I may be that no clear cut solution exists. I could perhaps seek opportunity to sit down and chat with higher level managers that would appreciate the large cost savings of avoiding shutdowns, but of course they hear that from everyone; and the technical folks this is delegated to are not paying attention.
 
I suggest contacting the staff individuals' personally and telling them that you do not normally share proprietary economic data with your competitors and would appreciate their help in keeping it confidential. It sounds like an honest mistake, as harmful as it is.

The quality of your response will reflect some of the intangible benefits of selecting your firm beyond mere cost.

I used to count sand.
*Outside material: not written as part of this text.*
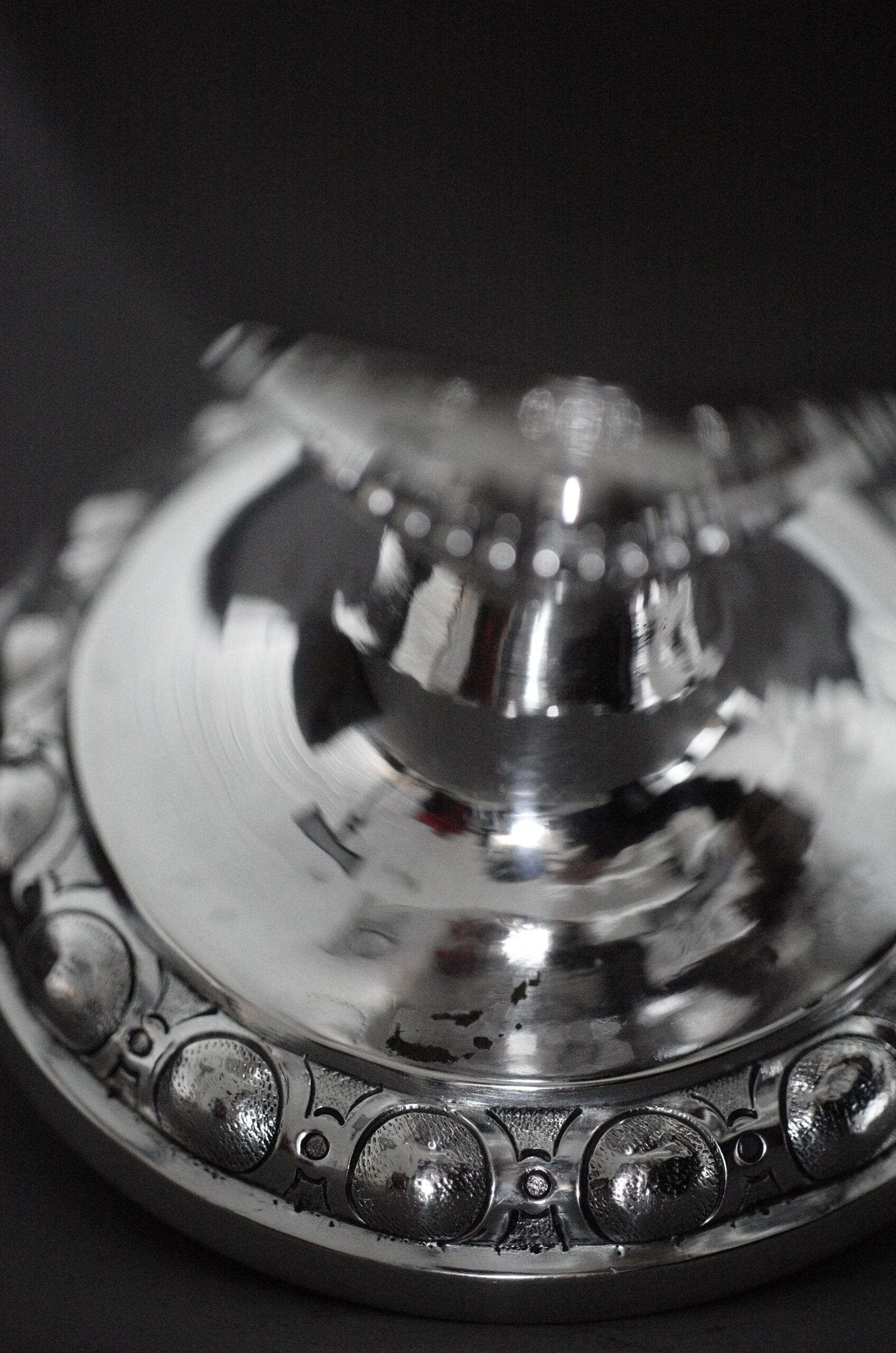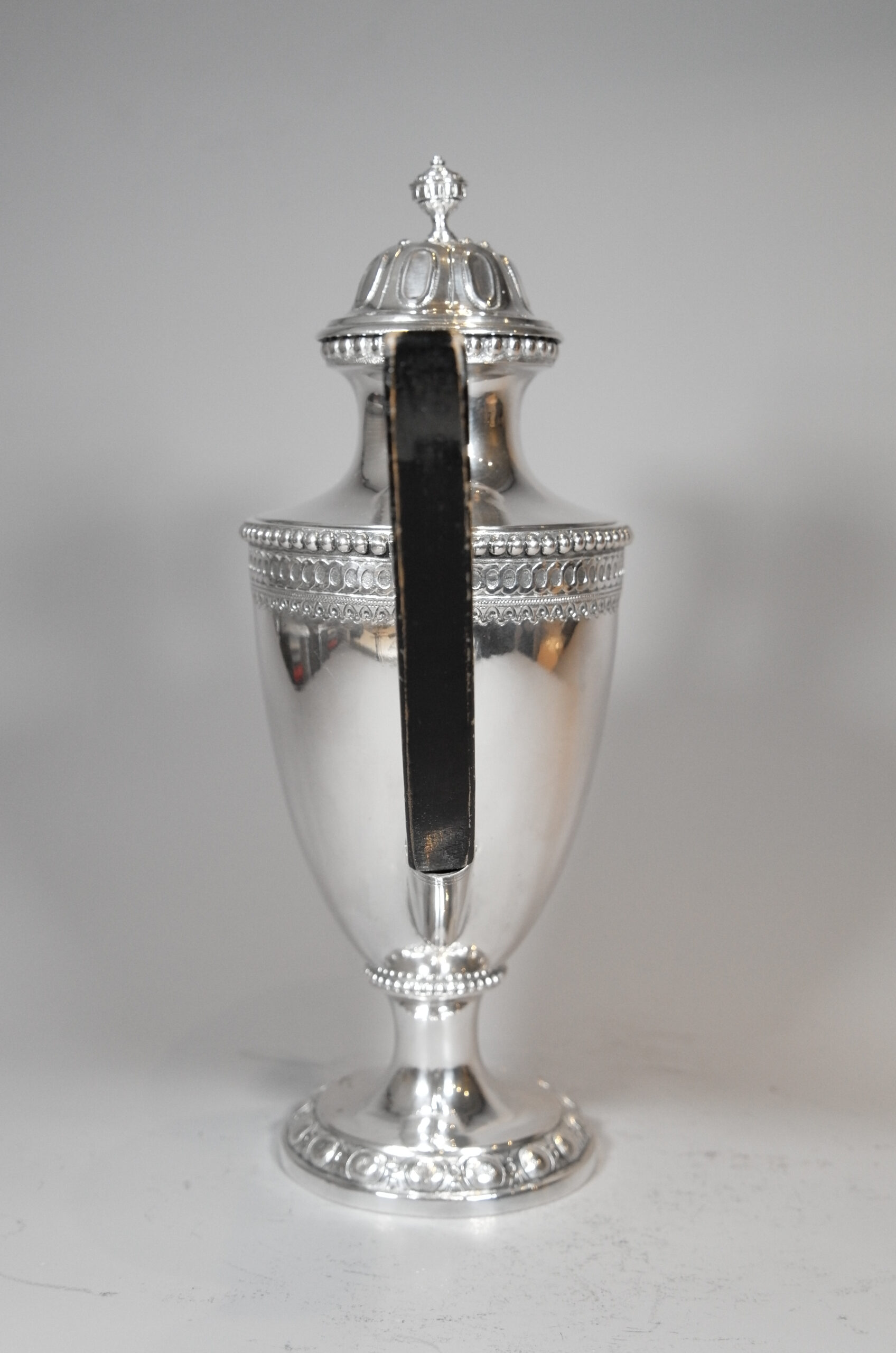 Eine Kaffeekanne in runder Urnenform auf rundem Standfuß mit Verzierung am Fuß und am oberen Korpusrand. Der Deckel ist abnehmbarer, die Hanghabe ist aus Holz gefertigt. Eine schwere Ausführung mit inwendiger Vergoldung.

Now I don't count at all.
 
Two things that defense contracting has grappled with are cost realism and life-cycle cost. These are both what experienced and established companies ostensibly bring to the table.

TTFN (ta ta for now)
I can do absolutely anything. I'm an expert! faq731-376 forum1529
 
"I could perhaps seek opportunity to sit down and chat with higher level managers that would appreciate the large cost savings of avoiding shutdowns, but of course they hear that from everyone; and the technical folks this is delegated to are not paying attention."

I think that is your answer also. And also the problem if they are not paying attention.
Why do people pay attention to their doctor but not their engineer?